Hi All:

Thanks to Billie Rinaldi's help and some code diving, I've been able to get 
slider to advance the jmemcached task to the running state.  However, I don't 
think jmemcached is actually running (e.g. the port 11211 is not found by 
netstat or lsof).

I suspect something has gone awry during the launching of the container in 
slider, and I could use a bit of guidance regarding how to track this down.


If I understand correctly, slider is launching 2 containers, an application 
manager and the one that is supposed to run jmemcached.  I think the jmemcached 
container is failing and relaunching frequently under a different container ID, 
and that the container id  suffix is climbing (e.g. initially I think it was 
container_1493146167513_0001_01_000008 when I first checked, now the container 
name suffix ends in 0155.  In any case, I'm trying to understand what is 
happening, looking at:

http://quickstart.cloudera:8042/node/containerlogs/container_1493146167513_0001_01_000008/root/slider-agent.log/?start=0,
 I see that the container names

INFO 2017-04-25 19:31:51,440 main.py:85 - loglevel=logging.INFO
INFO 2017-04-25 19:31:51,440 main.py:96 - Newloglevel=logging.DEBUG
INFO 2017-04-25 19:31:51,440 main.py:242 - Using AGENT_WORK_ROOT = 
/var/lib/hadoop-yarn/cache/yarn/nm-local-dir/usercache/root/appcache/application_1493146167513_0001/container_1493146167513_0001_01_000008

INFO 2017-04-25 19:31:51,441 main.py:243 - Using AGENT_LOG_ROOT = 
/var/log/hadoop-yarn/containers/application_1493146167513_0001/container_1493146167513_0001_01_000008

[Omitting logs for brevity, Note that the container name below might be getting 
corrupted to now read container_1493146167513_0001_01_000008___MEMCACHED]
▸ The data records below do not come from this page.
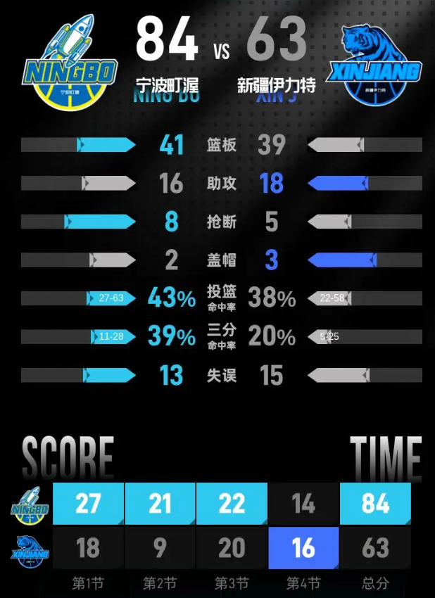宁波半场已经建立起21分的领先优势,新疆进攻端效率低迷,单节只拿到9分,早早陷入大比分被动。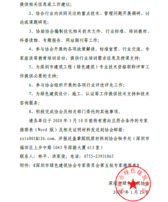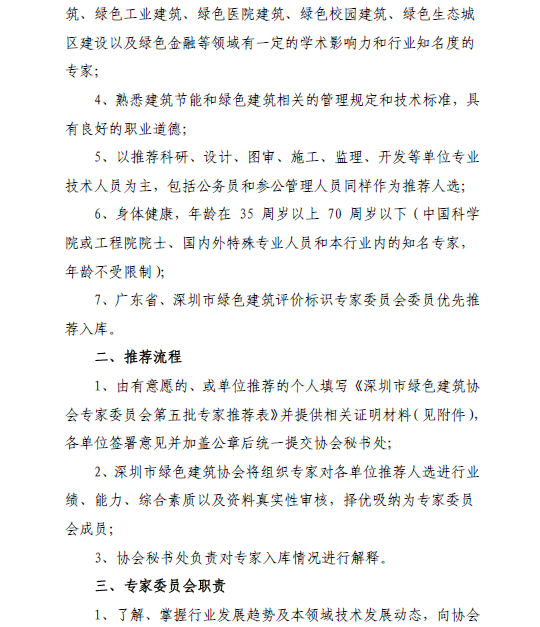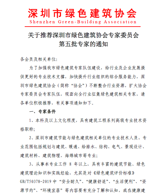 关于推荐深圳市绿色建筑协会专家委员会第五批专家的通知
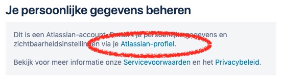 Daar kun je klikken op je Atlassian profiel: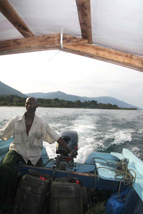 Nachdem wir unser Boot bestiegen hatten ging es also wieder Richtung Norden nach Kigoma. Nun standen uns 11 Stunden Bootsfahrt voraus. Wir fuhren zwischen einigen hundert und einigen tausend Metern vom Ufer entfernt, aber immer in Sichtweite. Ich war erstaunt wie weit raus sich die einheimischen Fischer mit Ihren winzigen Einbäumen auf den See wagten. Immerhin hatte das Gewässer teilweise Wellengang wir man es von der Nordsee her kennt. Nachdem auch der letzte Kanister Benzin vom Bug quer durchs Boot nach hinten gereicht wurde und die Sonne sich schon merklich dem Horizont näherte, erreichten wir den Strand unsere Unterkunft. Mit einem großen Grinsen auf dem Gesicht nahm unsere Bootsführer seine letzten 500$ in Empfang und verabschiedete sich.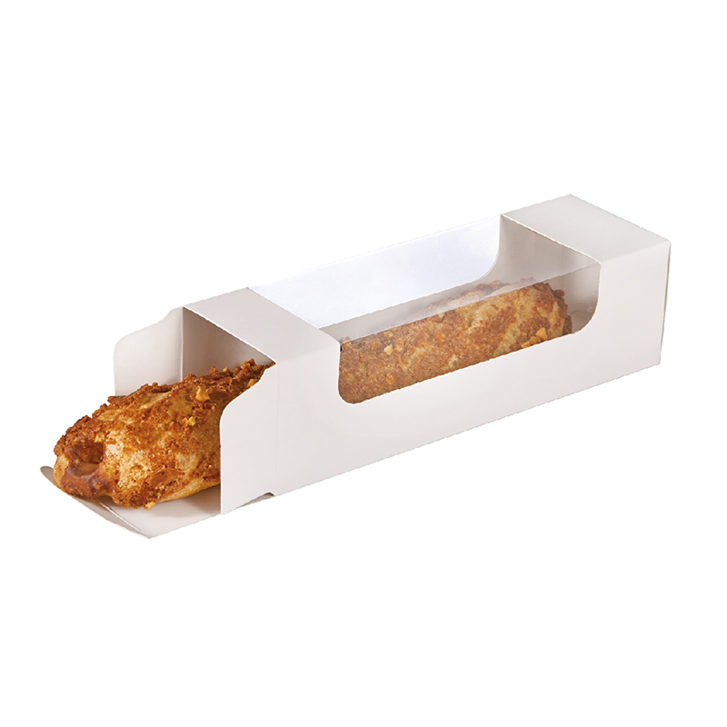La boîte éclair en carton blanc avec fenêtre est conçue pour présenter et transporter vos éclairs de manière élégante et pratique. La fenêtre transparente permet une vue parfaite du contenu, idéale pour mettre en valeur vos créations pâtissières.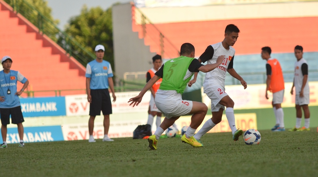 | Ông cho các hậu vệ tập bài 1 chống 2, 2 chống 2 vào chiều nay. Các cầu thủ còn lại được yêu cầu đứng xem. |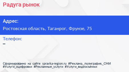 Радуга, рынок по адресу Ростовская область, Таганрог, Фрунзе, 75 в дальнейшем Организация, размещена в следующих категориях: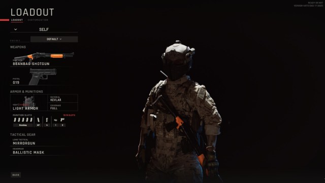 This final build is another tweak on the Light Armor builds, with a greater focus on quickly assessing and storming rooms with your team. I like to use this build with the Beanbag Shotgun as it gets quicker non-lethal potential than the Pepperball guns, but with the downside of potentially being fatal if you overdo it.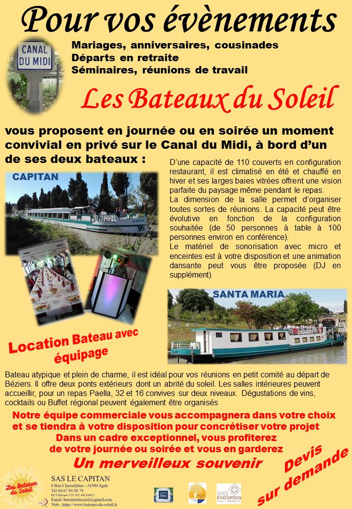 Partez à la découverte du Canal du Midi au départ de la Halte nautique de Vias à bord du bateau LE CAPITAN.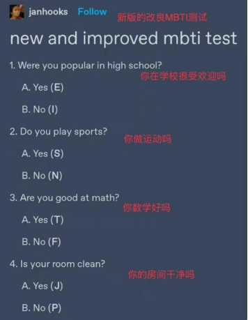 关于这一点,星座可谓是MBTI的“前辈”,输入出生日期即可获取对应结果。因此,要点燃网友们热情的第一把火,便是简化。于是,“改良简易版本”的MBTI测试题出现了,仅需四个问题即可得到答案,从学校是否受欢迎、是否爱运动、是否擅长数学、房间是否杂乱,来对照四个字母。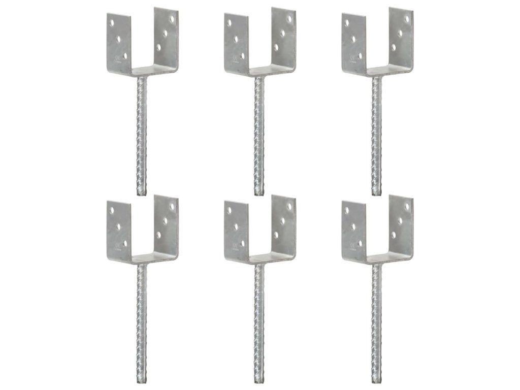 vidaXL Kotviace pätky 6 ks, strieborné 9x6x30 cm, pozinkovaná oceľ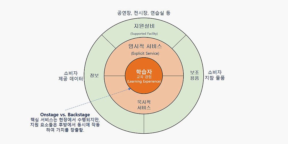 문화예술교육을 산업으로 정의하기 위해서는, 이 분야가 제조업이 아닌 서비스 산업에 속한다는 인식에서출발해야 한다. 제조업이 유형의 상품을 ‘생산’한다면, 서비스업은 무형의 가치를 ‘전달’한다. 문화예술교육은 결과물이 아닌 교육 과정 안에서 가치가 창출되는 전형적인 서비스 산업이다. 무형성·비분리성·이질성·소멸성이라는 서비스의 4대 속성이 문화예술교육 현장에서 고스란히 발현되는 이유가 여기에 있다. 이번 연구에서는 이러한 서비스 산업의 특성을 반영한 이론적 틀로 ‘서비스 패키지(Service Package)’ 개념을 채택했다. 서비스 패키지는 특정 서비스 전달을 위한 재화와 개별 서비스의 묶음으로, 그 중심에는 향유자가 경험해야 할 공급자의 ‘의도된 서비스 경험’이 있다. 이 경험이 향유자에게 온전히 전달되기 위해서는 공급자의 명시적 서비스(교육 행위 자체)와 이를 뒷받침하는 지원설비, 보조용품, 정보가 유기적으로 결합해야 한다.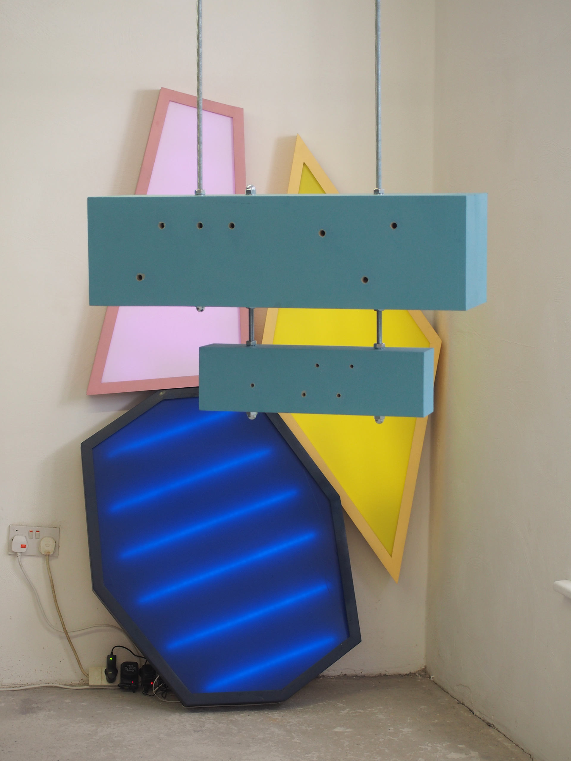 A blank hanging sign with holes where neon is yet to go or may have already been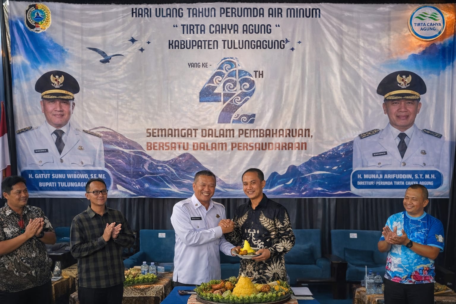 “Atas nama Pemerintah Kabupaten Tulungagung, saya mengucapkan selamat ulang tahun ke-42. Perumda memiliki peran penting dalam menyediakan layanan air bersih yang layak, terjangkau, dan berkelanjutan bagi masyarakat,” ujar Gatut Sunu.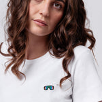 Super hochwertiges Bio Baumwoll Cropped T-Shirt mit gesticktem schnelle Brille Design in drei verschiedenen Schnitt-Varianten: Ripped, Regular & Oversized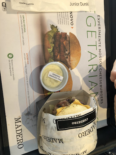 Read moreParamos para comer por que meu filho sempre via as placas do Madeiro na estrada para Curitiba. O restaurante fica um pouco escondido em um canto dos fundos do posto Quinta, deveriam fazer um letreiro bem alto e iluminado. O ambiente segue o padrão da rede, charmoso como sempre, dentro de seu padrão rústico/minimalista. Minha esposa pediu um chope que veio em uma caneca congelada e estava muito bom. A Soda Madeiro de maça verde poderia receber um pouco mais de “maça verde” no sabor. Os hambúrgueres de Carneiro estavam bons como sempre. Minha esposa achou muito crua a carne, a atendente prontamente aceitou passar melhor (na verdade trouxe um novo!), que não mudou muuuuito, mas valeu a intenção e ganhou a 5ª estrela pelo esforço. Não hesitem...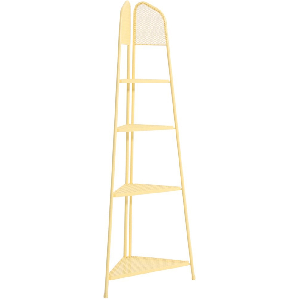 Die Farbe Gelb verleiht diesem Eckregal eine zeitlose Eleganz.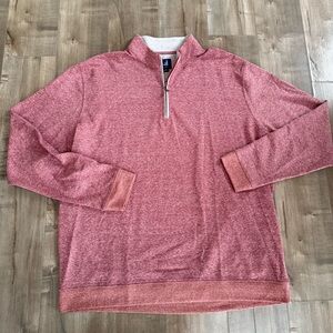 Johnnie-O Quarter Zip Sweater Red Heather Men 2XL Sully Crimson. This quarter zip style sweater from Johnnie-O is a perfect layering piece. It can be dressed down with a t-shirt and jeans or be worn over a button up with khakis. This is the Sully style in a crimson heather colorway. The quarter zip is a stretchy and soft piece. It does have a leather look pull on the zipper. Measurements and condition are shown in the photos.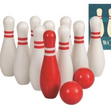 A classic to play outside with your friends. Put the wooden bowling pins upright and try to make them fall over with the ball.
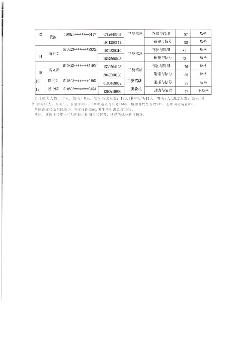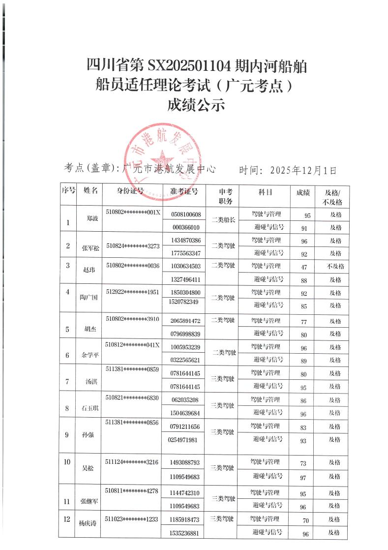 四川省第SX20251104期内河船舶船员适任理论考试(广元考点)成绩公示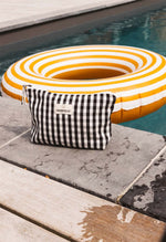 Trousse légère et pratique en coton vichy noir, idéale pour organiser les petits essentiels du quotidien.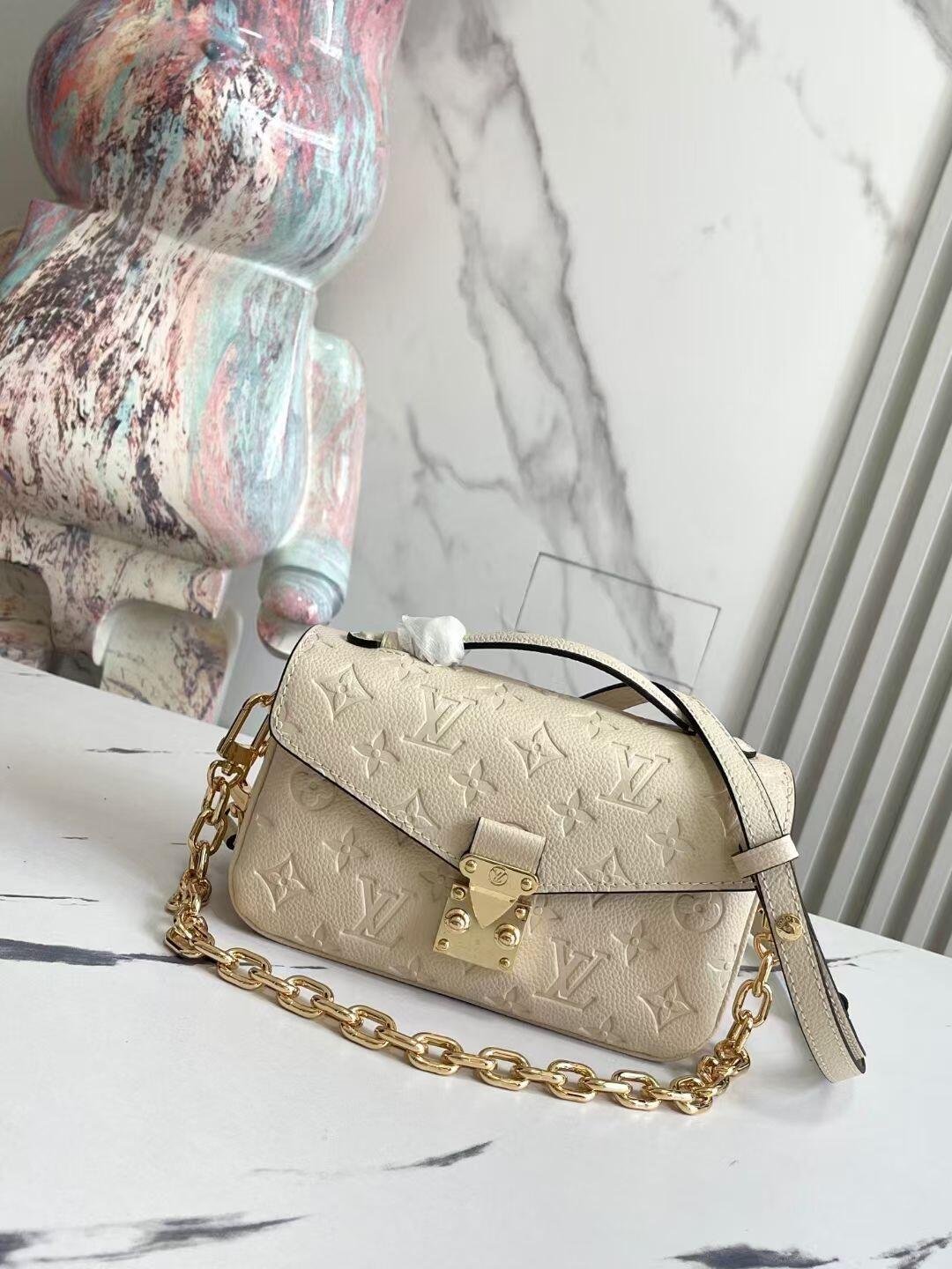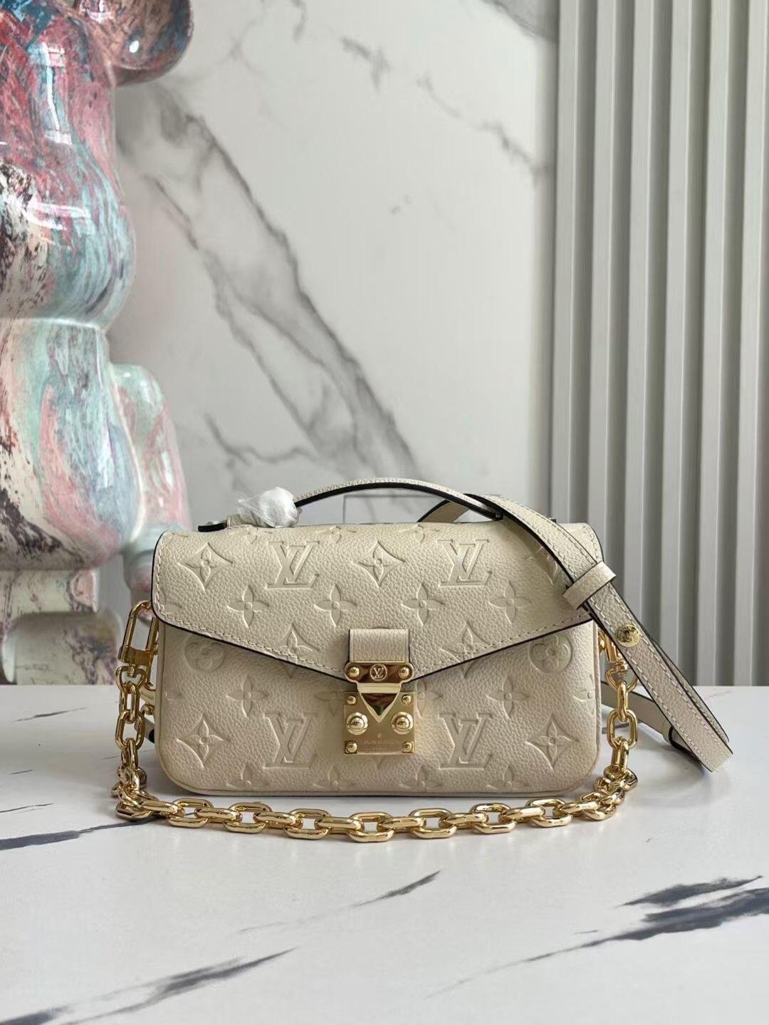 Made from embossed Monogram Empreinte leather, the Pochette Métis handbag blends signature House style and contemporary detailing. The on-trend East-West silhouette is highlighted by a heritage S-lock and removable short chain, both cast from gold-finish metal. With its well-organized interior and adjustable smart strap, this compact bag adapts perfectly to active lifestyles.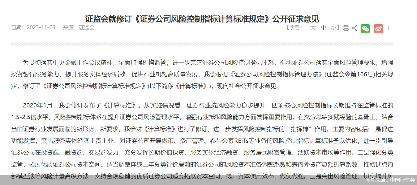 北京商报讯(记者 刘宇阳 郝彦)11月3日,中国证监会发布公告表示,为贯彻落实中央金融工作会议精神,全面加强机构监管,进一步完善证券公司风险控制指标体系,推动证券公司落实全面风险管理要求,增强投资银行服务能力,提升服务实体经济质效,促进行业机构高质量发展,中国证监会根据《证券公司风险控制指标管理办法》相关规定,修订了《证券公司风险控制指标计算标准规定》(以下简称《计算标准》),现向社会公开征求意见。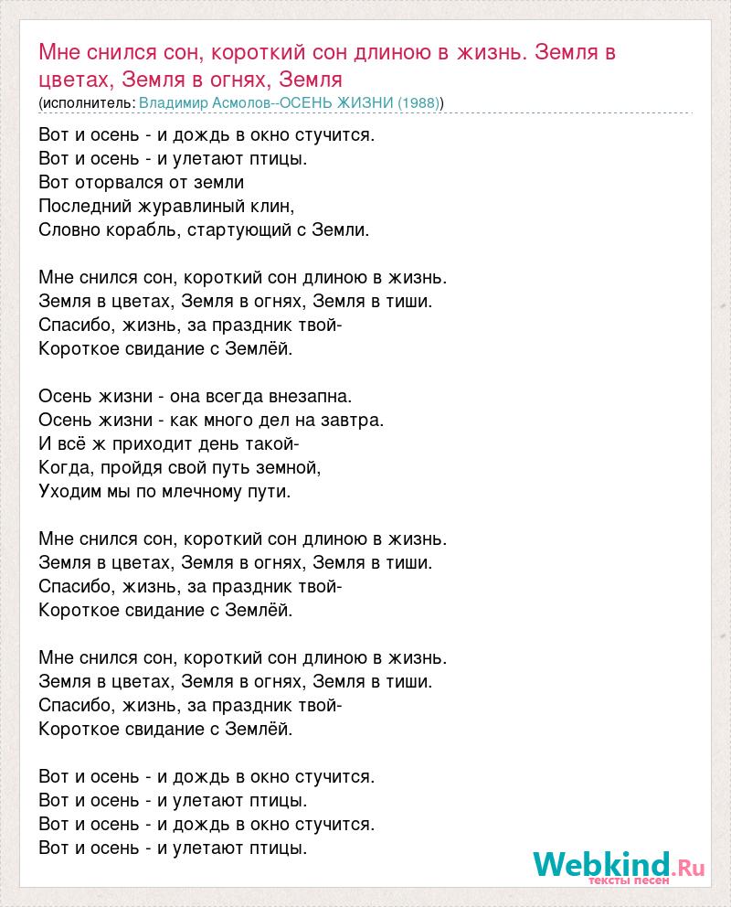 Вот и осень - и дождь в окно стучится. Вот и осень - и улетают птицы. Вот оторвался от земли Последний журавлиный клин, Словно корабль, стартующий с Земли. Мне снился сон, короткий сон длиною в жизнь. Земля в цветах, Земля в огнях, Земля в тиши. Спасибо, жизнь, за праздник твой- Короткое свидание с Землёй. Осень жизни - она всегда внезапна. Осень жизни - как много дел на завтра. И всё ж приходит день такой- Когда, пройдя свой путь земной, Уходим мы по млечному пути. Мне снился сон, короткий сон длиною в жизнь. Земля в цветах, Земля в огнях, Земля в тиши. Спасибо, жизнь, за праздник твой- Короткое свидание с Землёй. Мне снился сон, короткий сон длиною в жизнь. Земля в цветах, Земля в огнях, Земля в тиши. Спасибо, жизнь, за праздник твой- Короткое свидание с Землёй. Вот и осень - и дождь в окно стучится. Вот и осень - и улетают птицы. Вот и осень - и дождь в окно стучится. Вот и осень - и улетают птицы.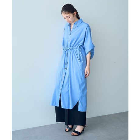 ボリューミーなバルーンスリーブが人気のシャツワンピース。袖の内側ボタンでフォルムアレンジを楽しめる2WAYデザインです。すとんとしたストレートシルエットはウエストのリボンをきゅっと絞ってスタイルアップを演出。さらっと1枚で着こなすのはもちろん、前を開けて羽織りとしても活躍する、マルチなアイテムです。透け感[なし]

INFO 2017-04-25 19:31:51,478 NetUtil.py:67 - DEBUG: Trying to connect to the 
server at https://quickstart.cloudera:34593/ws/v1/slider/agents/
INFO 2017-04-25 19:31:51,478 NetUtil.py:38 - Connecting to the following url 
https://quickstart.cloudera:34593/ws/v1/slider/agents/
INFO 2017-04-25 19:31:51,536 NetUtil.py:45 - Calling url received 200
DEBUG 2017-04-25 19:31:51,537 Controller.py:63 - Initializing Controller RPC 
thread.
INFO 2017-04-25 19:31:51,539 Controller.py:137 - Registering with the server at 
https://quickstart.cloudera:40959/ws/v1/slider/agents/container_1493146167513_0001_01_000008___MEMCACHED/register
 with data '{"actualState": 0, "logFolders": {}, "agentVersion": "1", 
"allocatedPorts": {}, "timestamp": 1493148711538, "expectedState": 0, "tags": 
"", "responseId": -1, "publicHostname": "quickstart.cloudera", "label": 
"container_1493146167513_0001_01_000008___MEMCACHED"}'
INFO 2017-04-25 19:31:51,539 security.py:89 - SSL Connect being called.. 
connecting to the server
INFO 2017-04-25 19:31:51,604 security.py:51 - SSL connection established. 
Two-way SSL authentication is turned off on the server.
INFO 2017-04-25 19:31:51,607 Controller.py:180 - Unable to connect to: 
https://quickstart.cloudera:40959/ws/v1/slider/agents/container_1493146167513_0001_01_000008___MEMCACHED/register
Traceback (most recent call last):
  File 
"/var/lib/hadoop-yarn/cache/yarn/nm-local-dir/usercache/root/appcache/application_1493146167513_0001/filecache/21/slider-agent.tar.gz/slider-agent/agent/Controller.py",
 line 139, in registerWithServer
    regResp = json.loads(response)
  File "/usr/lib64/python2.7/json/__init__.py", line 338, in loads
    return _default_decoder.decode(s)
  File "/usr/lib64/python2.7/json/decoder.py", line 366, in decode
    obj, end = self.raw_decode(s, idx=_w(s, 0).end())
  File "/usr/lib64/python2.7/json/decoder.py", line 384, in raw_decode
    raise ValueError("No JSON object could be decoded")
ValueError: No JSON object could be decoded

Any idea how I can better debug this and analyze this?

With best regards:

Bill
________________________________
From: Foolish Ewe <foolish...@hotmail.com>
Sent: Wednesday, April 19, 2017 1:35 AM
To: dev@slider.incubator.apache.org
Subject: Trying to get he memcached example to run for a new build

Hello All:


I'm trying to run the memcached example locally but it fails pretty quick and 
claims "protobuf-java-2.5.0.jar does not exist".


Consider the following script (test-slider.sh):

#!/bin/bash

# this does not work when run during docker-build, we need to do this once we 
are logged in

echo "memcached built, registering memcached with slider and then running it"

/usr/lib/slider/bin/slider install-package --package 
/tmp/mybuild/incubator-slider/app-packages/memcached/jmemcached-1.0.0.zip 
--name jmemcached --debug

echo "Listing applications - before starting jmemcached"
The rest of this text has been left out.